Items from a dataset
====================
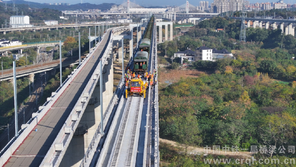 12月19日,在位于江西九江的中鐵一局昌九高鐵施工現場,隨著鋪軌車將第一對500米長鋼軌平穩鋪設到位,昌九高鐵正式進入全線鋪軌階段。
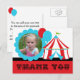 Puedes fácilmente agregar la foto de tu hijo y un mensaje de agradecimiento a esta linda tarjeta postal Big Top Circus Thank You antes de pedir. O déjalo en blanco y escriba a mano en tu mensaje! Un diseño de circo rojo, blanco y azul con la gran carpa y los globos.
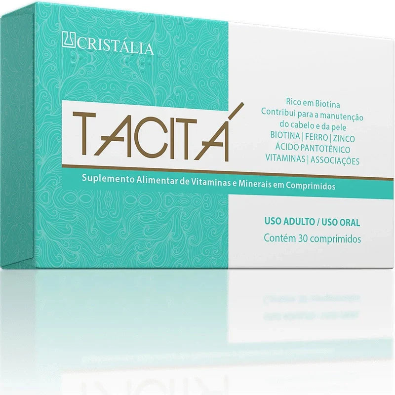 O Suplemento Alimentar de Vitaminas e Minerais Tacitá 30 Comprimidos contribui para a manutenção do cabelo e da pele.
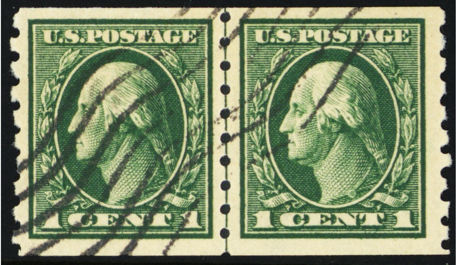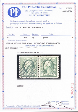 412, Used VF/XF 1¢ Coil Line Pair - Graded 85 PSE Certificate - Stuart Katz
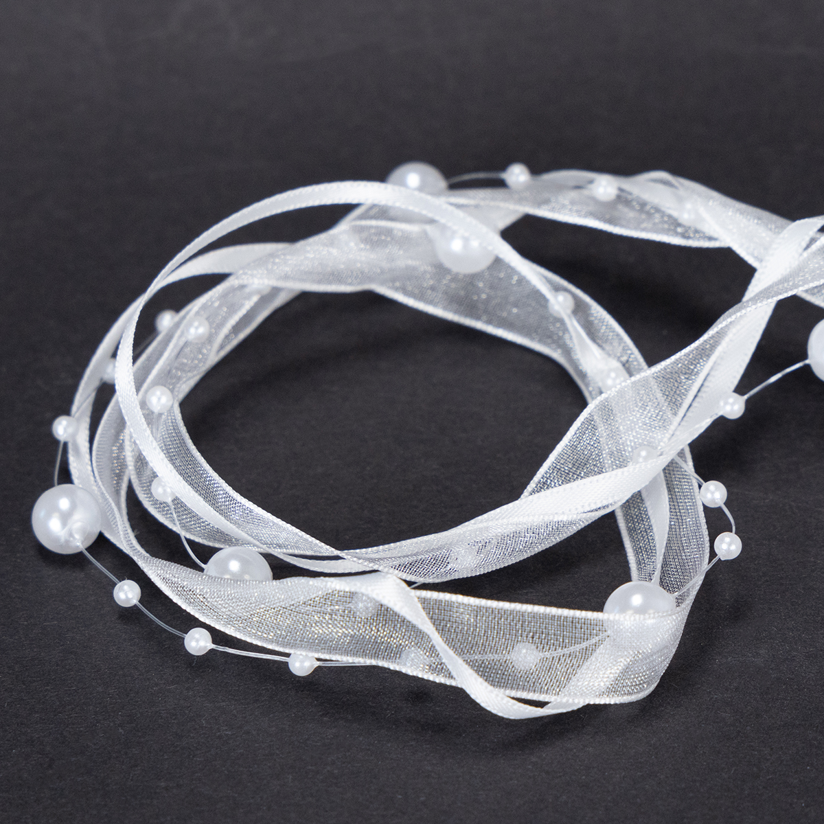 La fede nuziale in bianco ha una lunghezza di circa 5 metri ed è avvolta su un rotolo di plastica. La larghezza è di circa 20 millimetri e le perle hanno un diametro da circa 0,2 a circa 0,8 centimetri.
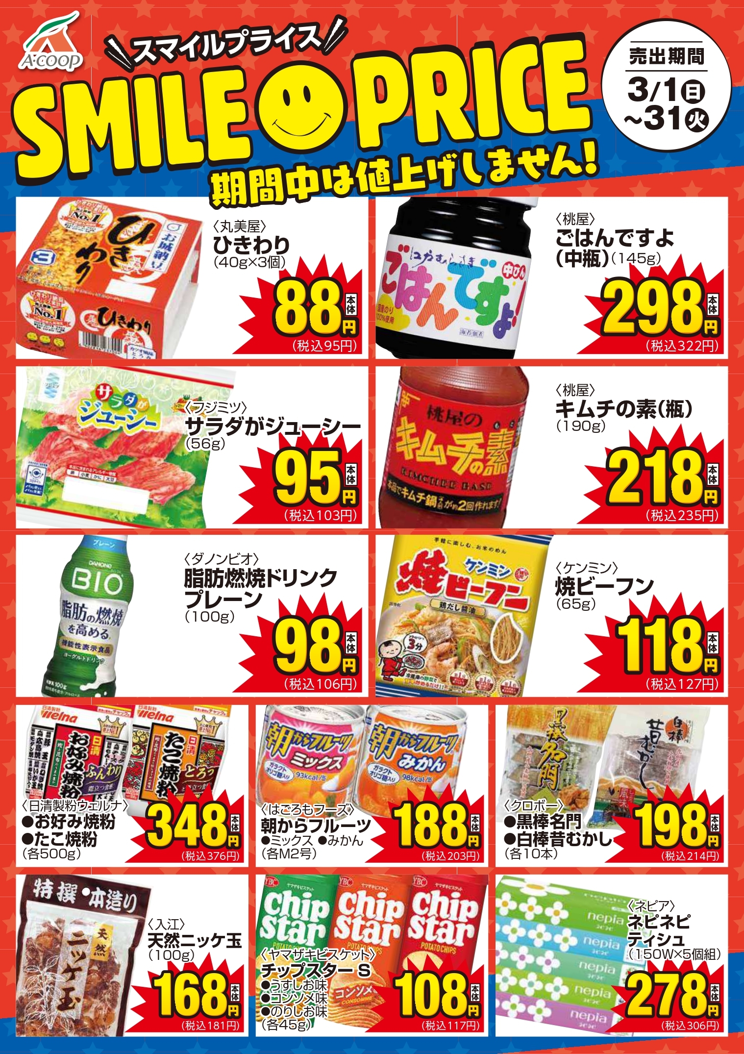 Aコープの店舗・チラシを一覧形式で掲載しています。店舗情報やオトクなチラシを見たいAコープのお店を簡単にチェックできます。
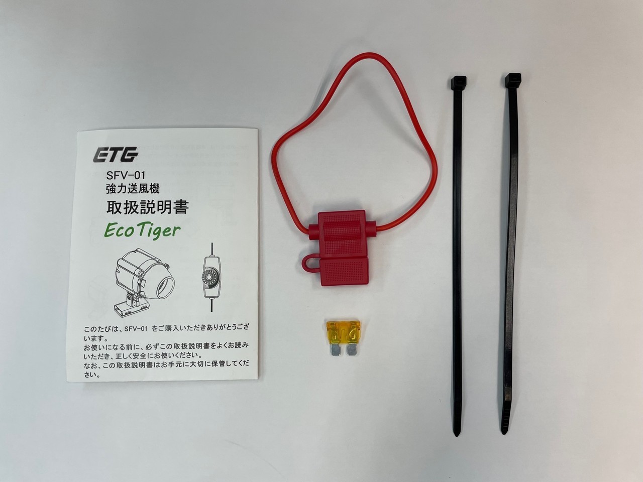ファン電源はケーブルに接続します。付属のヒューズを介して電源DC12Vに接続します。
====================
Reproduce exactly, and only, the lines from the one holding "O Suplemento Alimentar" through the final line of the entries. Do not include the pictures.

> [Written reply]
 O Suplemento Alimentar de Vitaminas e Minerais Tacitá 30 Comprimidos contribui para a manutenção do cabelo e da pele.
 412, Used VF/XF 1¢ Coil Line Pair - Graded 85 PSE Certificate - Stuart Katz
 La fede nuziale in bianco ha una lunghezza di circa 5 metri ed è avvolta su un rotolo di plastica. La larghezza è di circa 20 millimetri e le perle hanno un diametro da circa 0,2 a circa 0,8 centimetri.
 Aコープの店舗・チラシを一覧形式で掲載しています。店舗情報やオトクなチラシを見たいAコープのお店を簡単にチェックできます。
ファン電源はケーブルに接続します。付属のヒューズを介して電源DC12Vに接続します。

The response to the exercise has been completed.